YOUR OBJECTIVE → Copy each entry verbatim, excluding its images.

RECORDS FOR THE TASK →
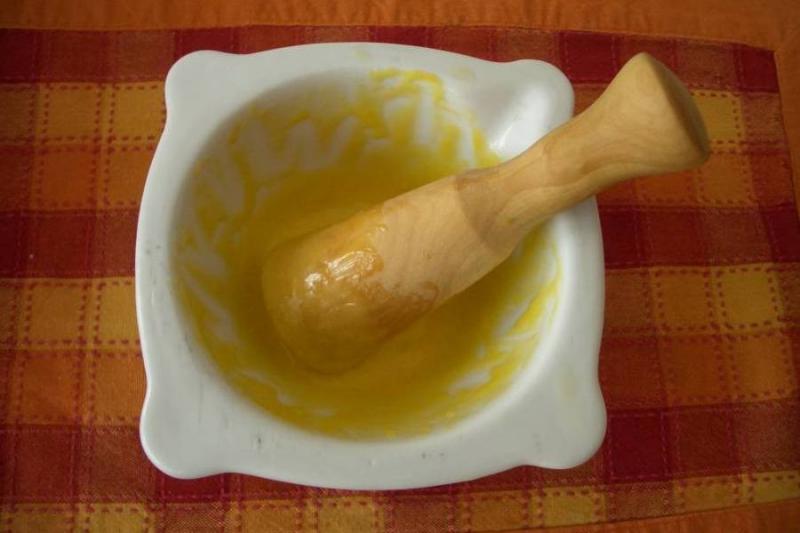 Czosnek obieramy i rozgniatamy, a następnie przekładamy do moździerza i dodatkowo ucieramy. Dodajemy po jednym żółtku i ubijamy trzepaczką. W czasie ubijania dolewamy stopniowo oliwę – mikstura powinna zgęstnieć. Na końcu doprawiamy solą i sokiem cytrynowym.
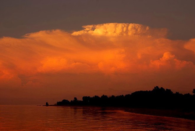 Backlight can make a powerful statement. This stormy Lake Michigan sunrise image, obviously has within it, both an ominous tone, and a “touch of beauty”. The two can live together and need not be mutually exclusive.
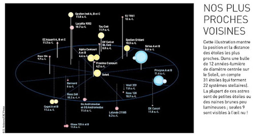 Pour mémoire, notre Soleil se trouve à 150 millions de km, ce qui représente seulement 8 minutes 23 seconde en temps lumière.
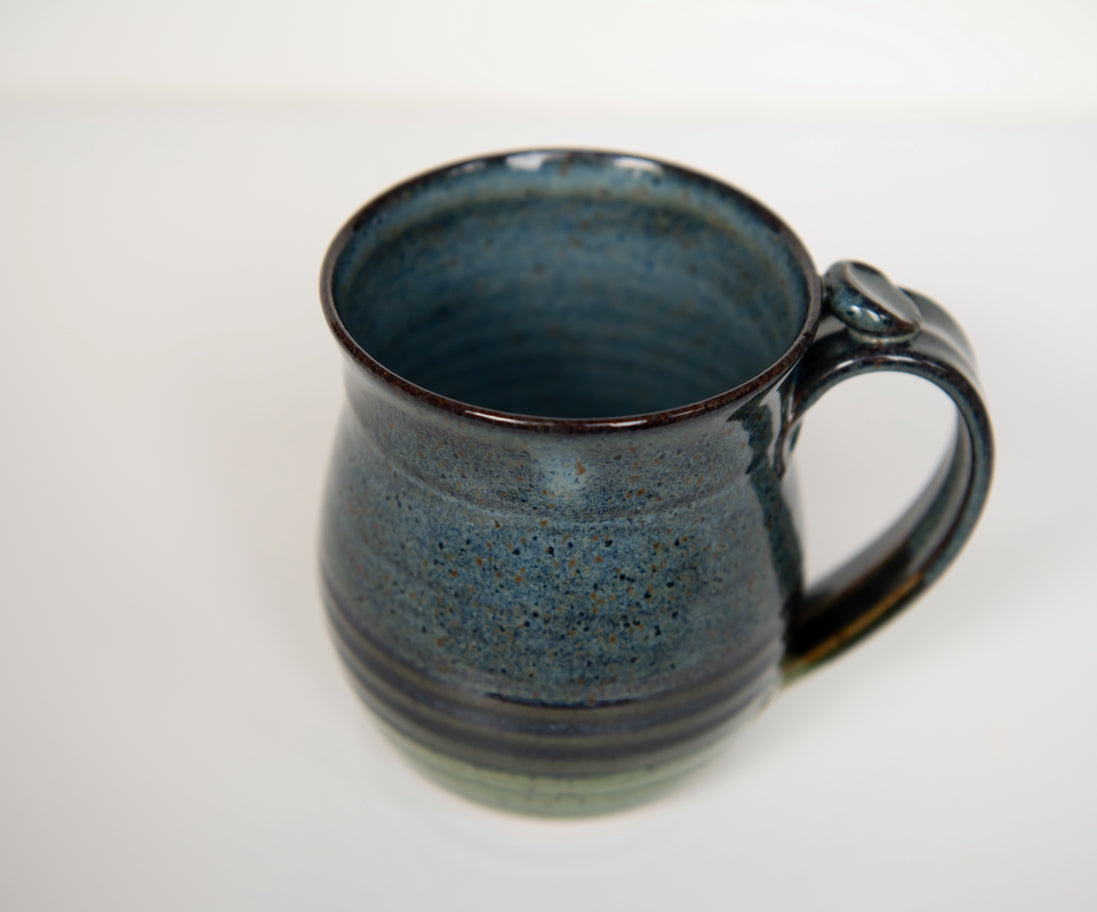 14-16 ounces bulbous shaped coffee tea mug. Simple, traditional, elegant. Blue and Earth green. Thumb rest. This is the mug shape and sized most frequently used in our house, from the littlest cousin to the coffee loving French grandmother! Food safe. Microwave and dishwasher safe. Each mug varies slightly in size but are approximately 4 inches tall, the base is just over 2 inches and the top opening is just over 3 1/2 inches.
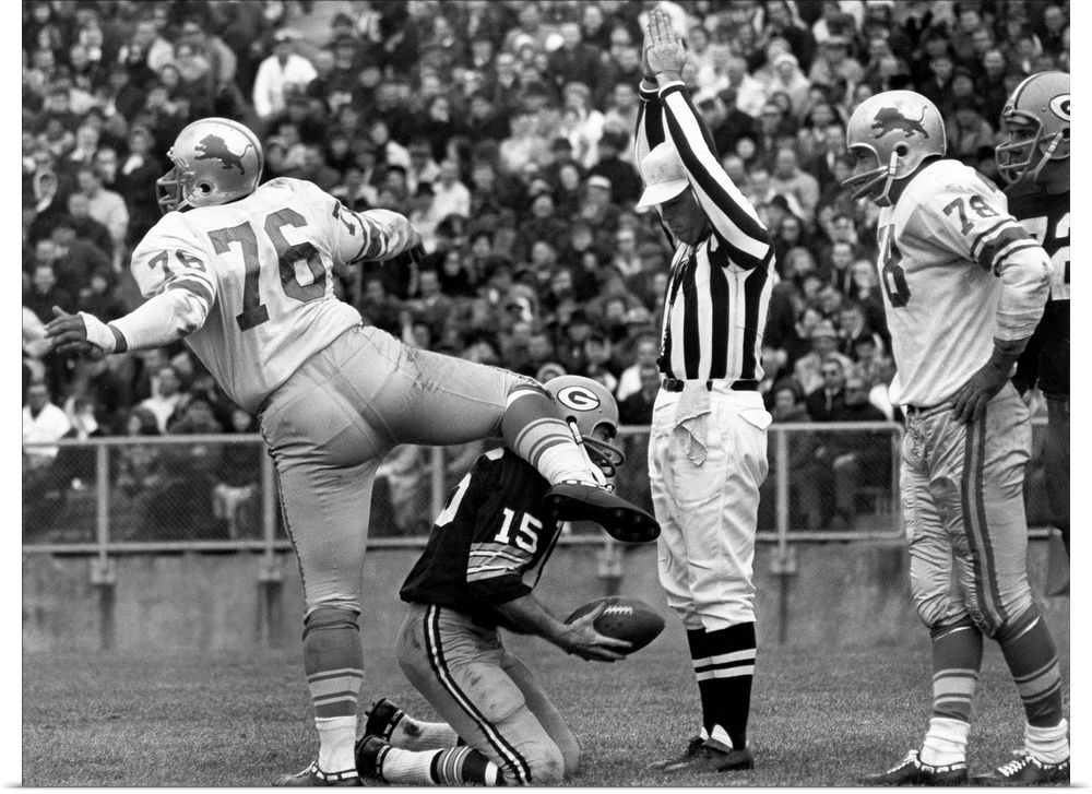 <p>Defensive tackle Roger Brown of the Detroit Lions exults after sacking quarterback Bart Starr of the Green Bay Packers (kneeling) in the end zone for a safety, during a game at Lambeau Field, Green Bay, Wisconsin, 7 November 1965.</p>
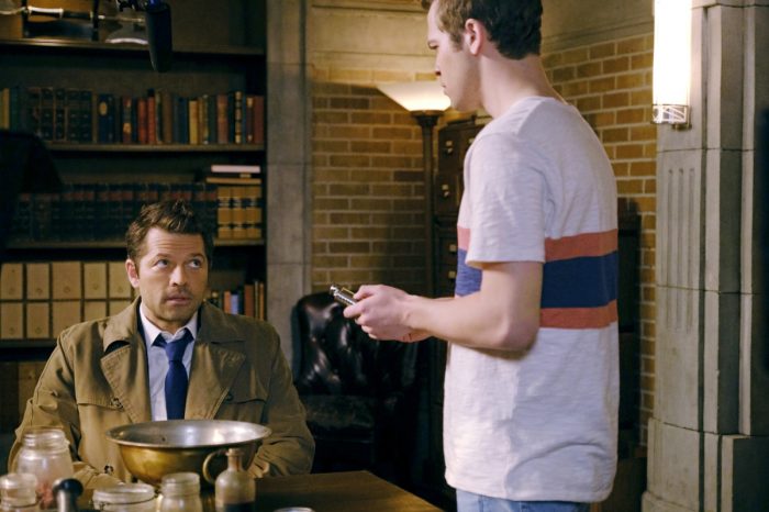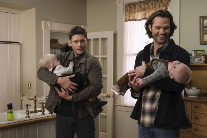 SUPERNATURAL returned from its last hiatus with an episode that wrapped up the “Wayward Sisters” storyline and showed us that Chuck is killing off his various alternate worlds in order to focus on this one. In the next episode, we’ll get a look at another Sam and Dean — a pair of brothers who seem to be very different from the ones we know. They drive a different car (one that our Dean would very much not approve of), while Dean wears preppy jackets and Sam wears man-buns. Needless to say, our Winchesters are a bit flabbergasted.
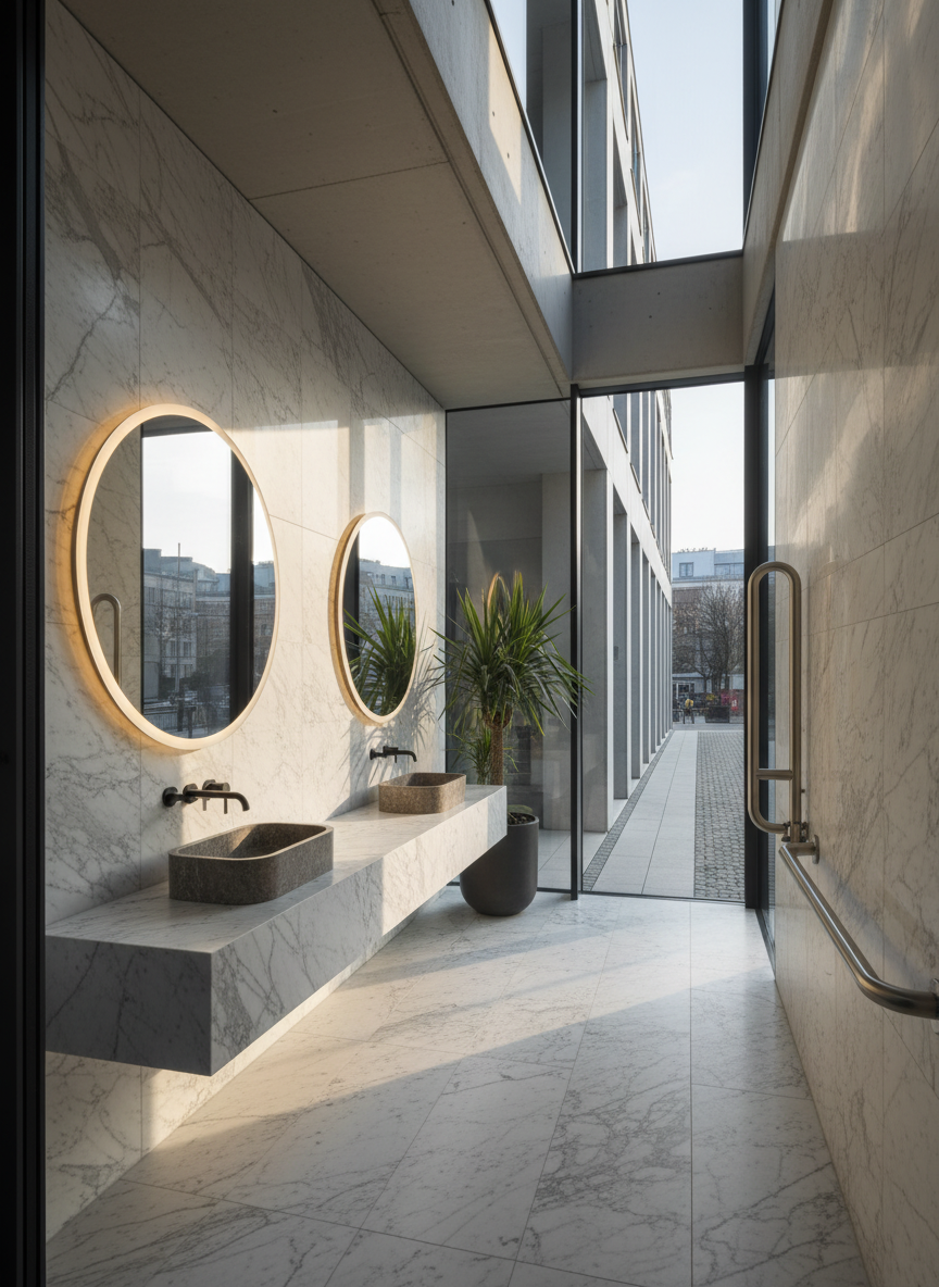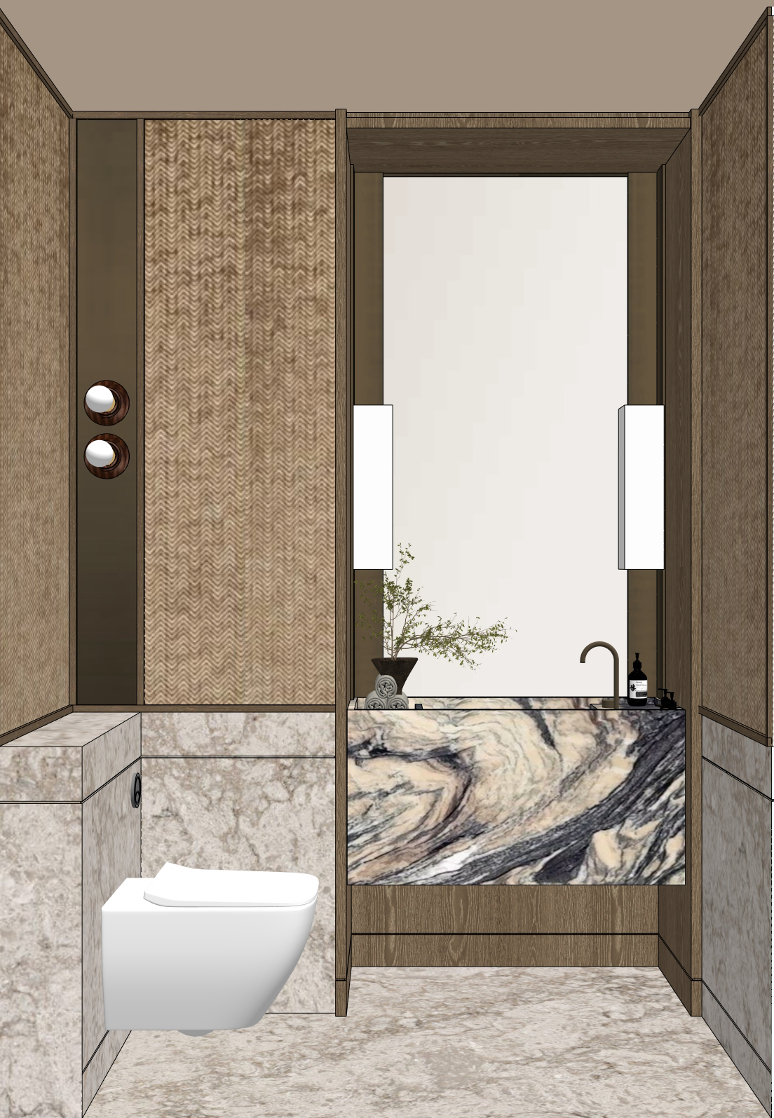 bathroom interior interior lighting temperature 3000k no natural lighting moody ambient bronze metal trims bronze faucet honed finish marble textures
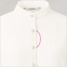 胸元からインナーが見えないよう、ボタンの間隔を狭くしたバストケアピッチ。
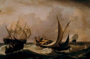 Kriegsschiffe vor Anker, der kommandierende Admiral wird zur Flaggschiff gerudert, ihre Segel beleuchtet(Warships Lying Offshore, the Commanding Admiral Being Rowed out to Join the Flagship, Her Sails Illu...)Charles Martin Powell |
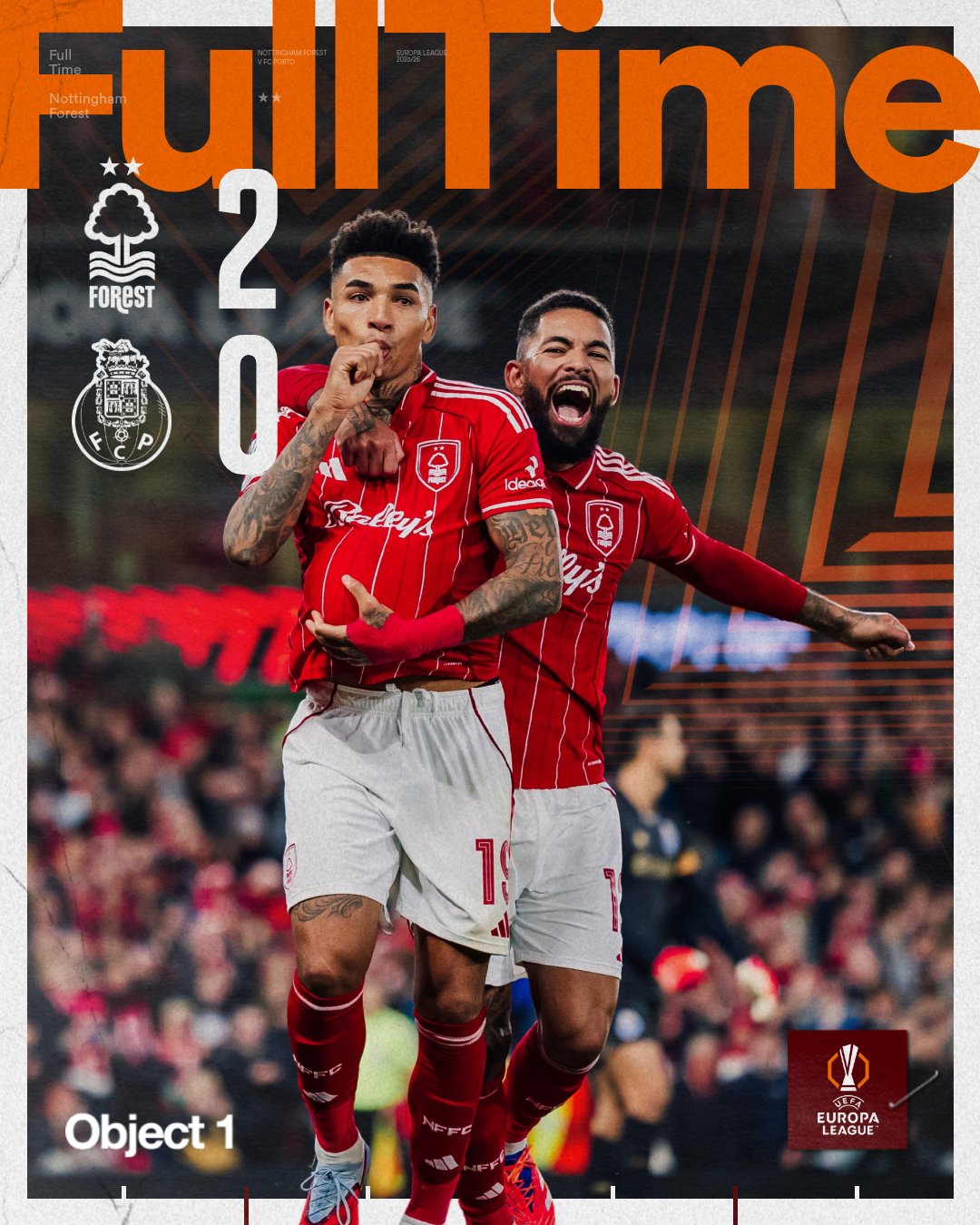 虎撲10月23日訊 歐聯(lián)聯(lián)賽階段第三輪,諾丁漢森林2-0波爾圖。板戰這是勝波森林收獲賽事諾丁漢森林自25年4月1日(英超第30輪主場(chǎng)1-0曼聯(lián))以來(lái)各項賽事的首場(chǎng)零封。
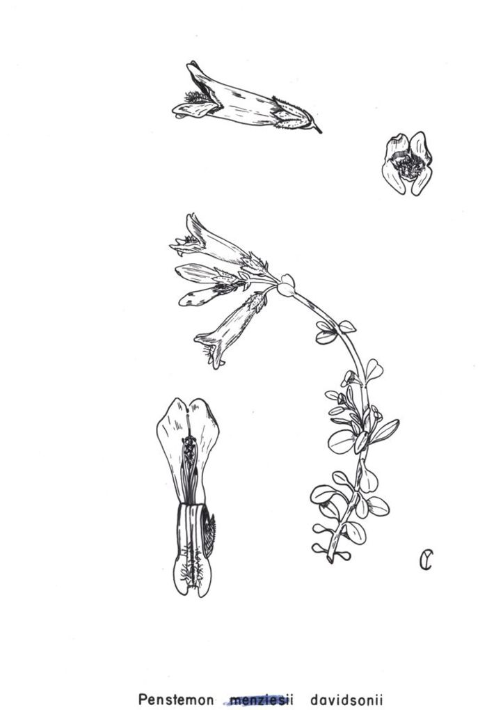 Subject: Penstemon davidsonii Davidson's penstamen Drawings are in 'Shrubs of Crater Lake National Park' by Charles Yocom published in 1964

ANSWER TO THIS TASK →
 Czosnek obieramy i rozgniatamy, a następnie przekładamy do moździerza i dodatkowo ucieramy. Dodajemy po jednym żółtku i ubijamy trzepaczką. W czasie ubijania dolewamy stopniowo oliwę – mikstura powinna zgęstnieć. Na końcu doprawiamy solą i sokiem cytrynowym.
 Backlight can make a powerful statement. This stormy Lake Michigan sunrise image, obviously has within it, both an ominous tone, and a “touch of beauty”. The two can live together and need not be mutually exclusive.
 Pour mémoire, notre Soleil se trouve à 150 millions de km, ce qui représente seulement 8 minutes 23 seconde en temps lumière.
 14-16 ounces bulbous shaped coffee tea mug. Simple, traditional, elegant. Blue and Earth green. Thumb rest. This is the mug shape and sized most frequently used in our house, from the littlest cousin to the coffee loving French grandmother! Food safe. Microwave and dishwasher safe. Each mug varies slightly in size but are approximately 4 inches tall, the base is just over 2 inches and the top opening is just over 3 1/2 inches.
 <p>Defensive tackle Roger Brown of the Detroit Lions exults after sacking quarterback Bart Starr of the Green Bay Packers (kneeling) in the end zone for a safety, during a game at Lambeau Field, Green Bay, Wisconsin, 7 November 1965.</p>
 SUPERNATURAL returned from its last hiatus with an episode that wrapped up the “Wayward Sisters” storyline and showed us that Chuck is killing off his various alternate worlds in order to focus on this one. In the next episode, we’ll get a look at another Sam and Dean — a pair of brothers who seem to be very different from the ones we know. They drive a different car (one that our Dean would very much not approve of), while Dean wears preppy jackets and Sam wears man-buns. Needless to say, our Winchesters are a bit flabbergasted.
 bathroom interior interior lighting temperature 3000k no natural lighting moody ambient bronze metal trims bronze faucet honed finish marble textures
 胸元からインナーが見えないよう、ボタンの間隔を狭くしたバストケアピッチ。
 Kriegsschiffe vor Anker, der kommandierende Admiral wird zur Flaggschiff gerudert, ihre Segel beleuchtet(Warships Lying Offshore, the Commanding Admiral Being Rowed out to Join the Flagship, Her Sails Illu...)Charles Martin Powell |
 虎撲10月23日訊 歐聯(lián)聯(lián)賽階段第三輪,諾丁漢森林2-0波爾圖。板戰這是勝波森林收獲賽事諾丁漢森林自25年4月1日(英超第30輪主場(chǎng)1-0曼聯(lián))以來(lái)各項賽事的首場(chǎng)零封。
 Subject: Penstemon davidsonii Davidson's penstamen Drawings are in 'Shrubs of Crater Lake National Park' by Charles Yocom published in 1964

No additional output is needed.